No pic haha, no show like his fishing. Start setting up the Taj Mahal for the next ice outing. Don't forget to call your Traine furnace rep for your seasonal cleaning


----------



## lovin life (Jan 2, 2010)

Fish2Win with a pig wingfoot walleye !

posted using Outdoor Hub Campfire


----------



## Minnowhead (Jan 12, 2011)

Nice hat! Someone guess your weight?


----------



## Fish2Win (Jan 21, 2009)

I'm going 213lbs of lovin


----------



## Fish2Win (Jan 21, 2009)

Fat guy in a little hat, was that in tommy boy?


----------



## Minnowhead (Jan 12, 2011)

Changing avatar as promised. Is this better?


----------



## Fish2Win (Jan 21, 2009)

Those are the best sweater puppets I've ever seen


----------



## Minnowhead (Jan 12, 2011)

It's what is happening in the Taj Mahal of shanties while your sittin on a bucket!


----------



## Fish2Win (Jan 21, 2009)

I am now going to buy a non-mobile shanty and get a traine furnace for it.


----------



## Minnowhead (Jan 12, 2011)

Your in luck! Lovin Life has one for sale...(his super secret BassProShops order showed up yesterday)


----------



## Fish2Win (Jan 21, 2009)

Just maybe we'll get on one last time to try out!!!!


----------



## lovin life (Jan 2, 2010)

PROOF that I can fish outside the Taj. A neat pic, thought I would share. 

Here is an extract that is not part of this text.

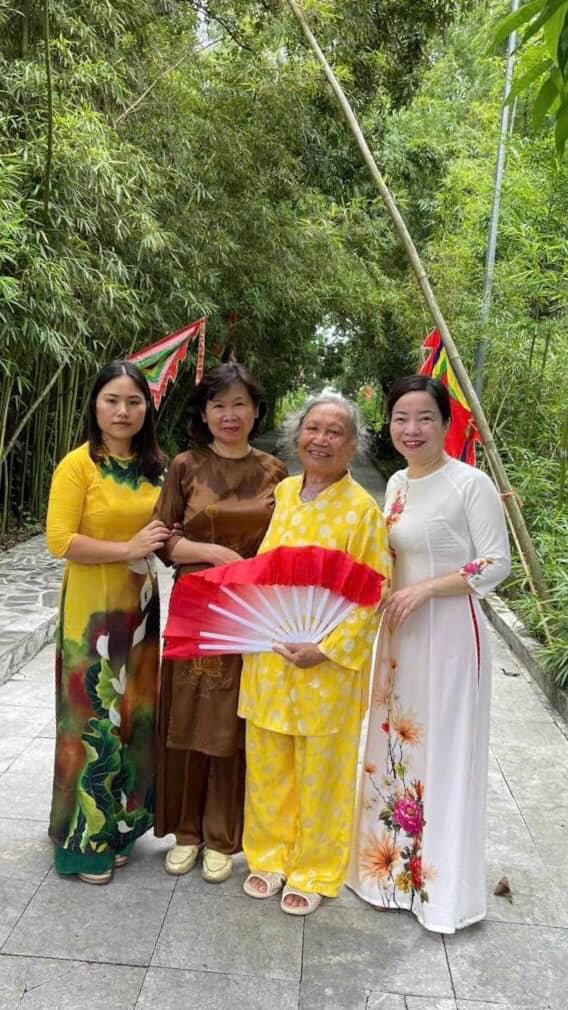 Nhóm du khách Hà Nội chụp ảnh lưu niệm với cụ Đinh Thị Phương Lâm (86 tuổi, cụ thủ từ Đền Trúc), cũng là một nghệ nhân hát Dậm có tiếng của vùng đất Hà Nam. |

posted using Outdoor Hub Campfire


----------



## Fish2Win (Jan 21, 2009)

Man photo shop is amazing


----------



## Minnowhead (Jan 12, 2011)

I would've photoshopped a Bald Eagle swooping down and stealing a fish!


----------



## Fish2Win (Jan 21, 2009)

That really did happen!! Cool sight to watch


----------



## Steelhead Fever (Dec 31, 2009)

Shaking my head at you guys! thanks for some late night entertainment  I would guess none of you work by reading this HAHAHA


----------